An anonymous reader writes "If you've been hired by a serious software development house, chances are one of your early familiarization tasks was to read company guidelines on coding standards and practices. You've probably been given some basic guidelines, such as gotos being off limits except in specific circumstances, or that code should be indented with tabs rather than spaces, or vice versa. Perhaps you've had some more exotic or less intuitive practices as well; maybe continue or multiple return statements were off-limits. What standards have you found worked well in practice, increasing code readability and maintainability? Which only looked good on paper?"
I've worked where we were supplied a full IDE and a 17" CRT, and the coding standard forced so much white space vertically that you had to basically remember all the code.
I can't stand seeing the closing brace of an if statement sharing a line with an else, like so:
if( condition ) {
statement1;
} else {
statement2;
}
I've always found the Joint Strike Fighter's coding standards document an interesting read. It is available from Bjarne Stroustrup's website (pdf)
This sounds like a fairytale but I work for a very large IT firm which is very well known. Serious company doesn't mean good however.
In certain files (not all apparentely) all constant variables have to be declared globally. We are talking C++ here.
Think what you want, but I don't like it. The reason for the variables placements are so "that they will be easy to find".
My new standard comes from a 1950's comp sci book.
"Programs consists of input, output, processing and storage."
Lose focus of that and the project will be late, over budget and most likely broken in ways no one will understand for years.

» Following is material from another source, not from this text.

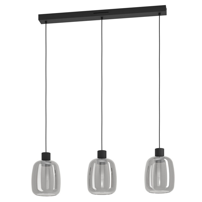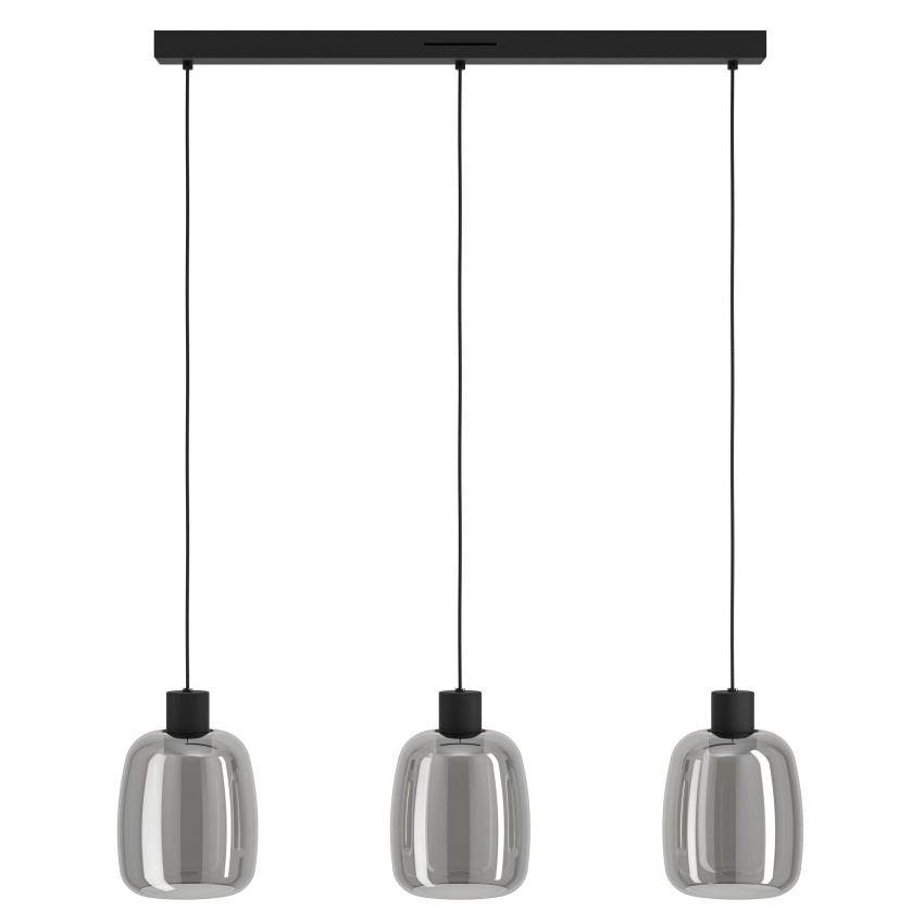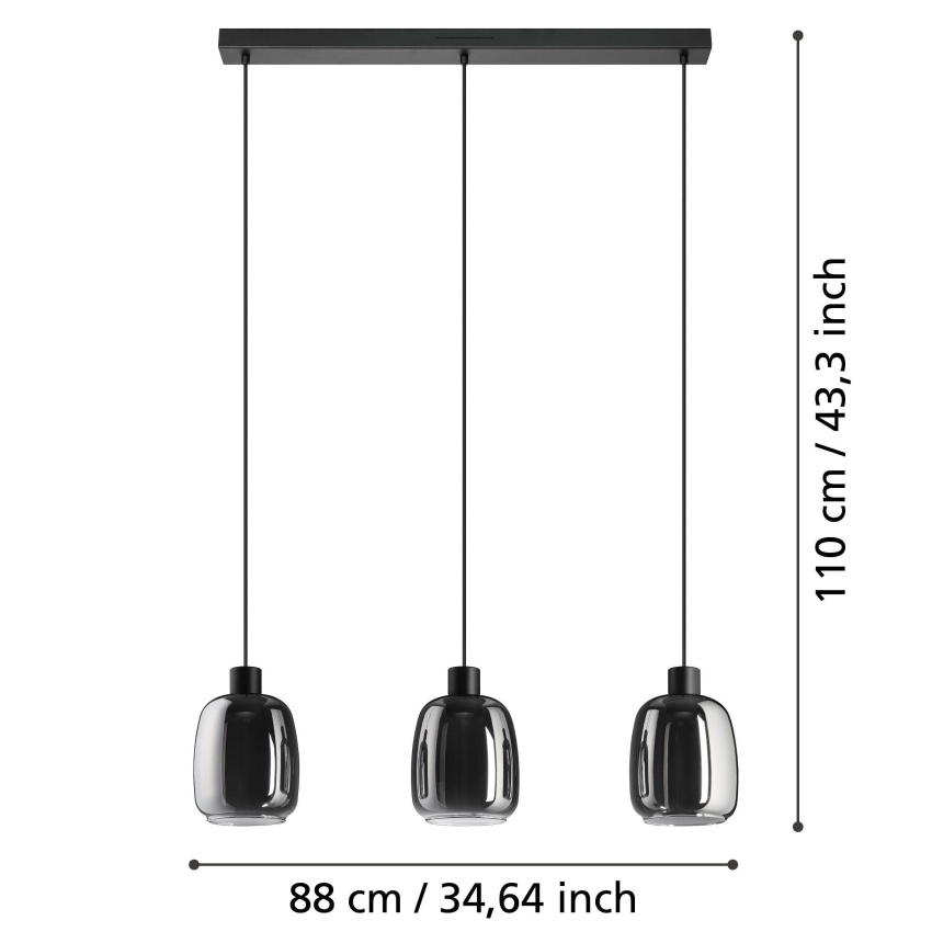 Chytré závěsné svítidlo EGLO MOLOCHIO-Z 901121 z řady EGLO connect.z nabízí elegantní design v kombinaci černého kovu a kouřového skla. Tři samostatné skleněné stínidla na černých textilních kabelech vytvářejí stylové a působivé osvětlení. Svítidlo umožňuje volbu teploty bílé barvy (2700–6500K), barev RGB a plynulé stmívání, a to pomocí aplikace AwoX Home Control nebo dálkového ovladače. Díky kompatibilitě s Bluetooth a ZigBee 3.0 je možné světlo integrovat do chytré domácnosti a ovládat i hlasem. Perfektní doplněk do moderních interiérů – nad jídelní stůl, do obývacího pokoje či kuchyně.

One of my friends worked at a place where you'd have to insert whitespace to place certain elements (variables, evals, etc.) to begin at a specific col in the code within every line; in addition to standard indentation of the line. At one level, I see the concept, but seriously - highlighting and search is made to solve the same problem there.
He left that job quickly.
Returned Peace Corps IT Volunteer
Also found I prefix in .NET really bad pracitce for marking interfaces like ICollection, what about when You decide turn interface to abstract class?..
Well. The whole point of having interfaces is allowing the implementation of a certain method set to the world, which later can be used in your APIs using polymorphism. If you later decide to break the contract and make an interface a class, then probably a name change (made also automatically in tools like Eclipse or NetBeans) won't be any worse.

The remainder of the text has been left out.